■ WHAT THE EXERCISE ASKS
Pictures are not part of the copy; reproduce the remaining data exactly.

■ DATA BELOW
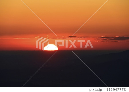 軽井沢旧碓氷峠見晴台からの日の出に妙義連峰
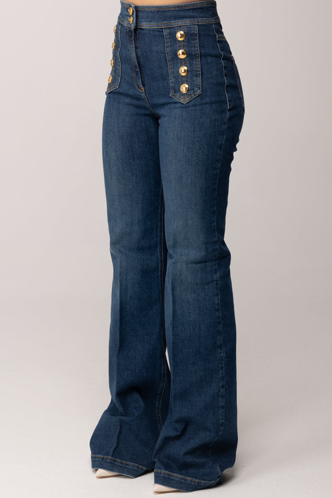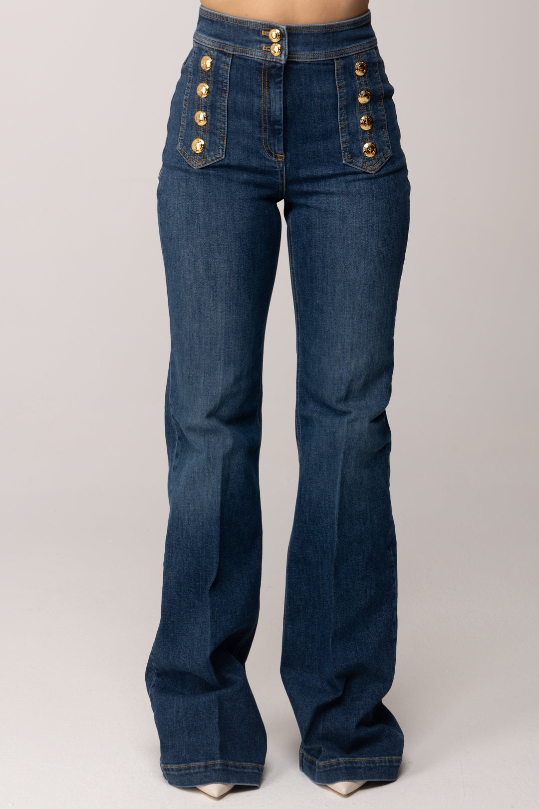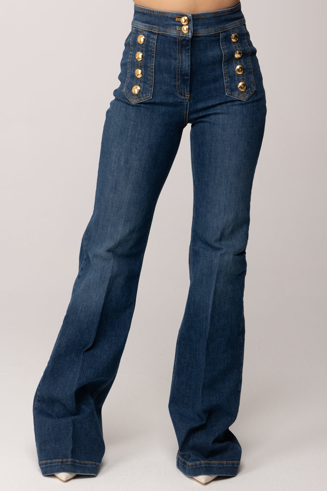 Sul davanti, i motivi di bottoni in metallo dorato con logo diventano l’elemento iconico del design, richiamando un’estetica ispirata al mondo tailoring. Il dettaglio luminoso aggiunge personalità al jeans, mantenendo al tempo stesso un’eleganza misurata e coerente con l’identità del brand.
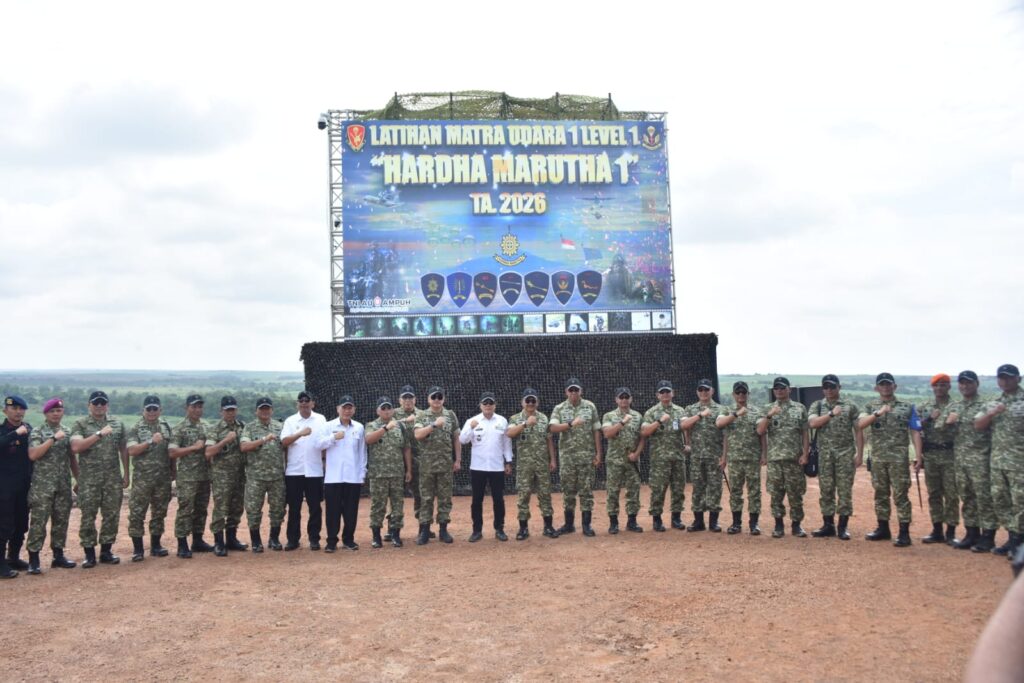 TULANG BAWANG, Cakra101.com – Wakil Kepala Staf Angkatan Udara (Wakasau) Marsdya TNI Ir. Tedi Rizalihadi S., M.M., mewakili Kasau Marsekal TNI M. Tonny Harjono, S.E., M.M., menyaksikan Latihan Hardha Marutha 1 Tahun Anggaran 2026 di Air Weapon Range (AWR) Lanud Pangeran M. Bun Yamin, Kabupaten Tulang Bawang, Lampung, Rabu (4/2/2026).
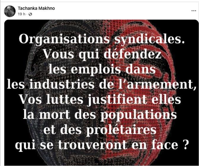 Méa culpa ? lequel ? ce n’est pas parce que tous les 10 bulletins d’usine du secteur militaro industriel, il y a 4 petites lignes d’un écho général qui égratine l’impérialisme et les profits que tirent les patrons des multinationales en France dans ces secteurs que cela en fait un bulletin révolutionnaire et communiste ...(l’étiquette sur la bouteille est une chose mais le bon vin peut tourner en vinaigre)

■ SOLUTION TO THE EXERCISE
 軽井沢旧碓氷峠見晴台からの日の出に妙義連峰
 Sul davanti, i motivi di bottoni in metallo dorato con logo diventano l’elemento iconico del design, richiamando un’estetica ispirata al mondo tailoring. Il dettaglio luminoso aggiunge personalità al jeans, mantenendo al tempo stesso un’eleganza misurata e coerente con l’identità del brand.
 TULANG BAWANG, Cakra101.com – Wakil Kepala Staf Angkatan Udara (Wakasau) Marsdya TNI Ir. Tedi Rizalihadi S., M.M., mewakili Kasau Marsekal TNI M. Tonny Harjono, S.E., M.M., menyaksikan Latihan Hardha Marutha 1 Tahun Anggaran 2026 di Air Weapon Range (AWR) Lanud Pangeran M. Bun Yamin, Kabupaten Tulang Bawang, Lampung, Rabu (4/2/2026).
 Méa culpa ? lequel ? ce n’est pas parce que tous les 10 bulletins d’usine du secteur militaro industriel, il y a 4 petites lignes d’un écho général qui égratine l’impérialisme et les profits que tirent les patrons des multinationales en France dans ces secteurs que cela en fait un bulletin révolutionnaire et communiste ...(l’étiquette sur la bouteille est une chose mais le bon vin peut tourner en vinaigre)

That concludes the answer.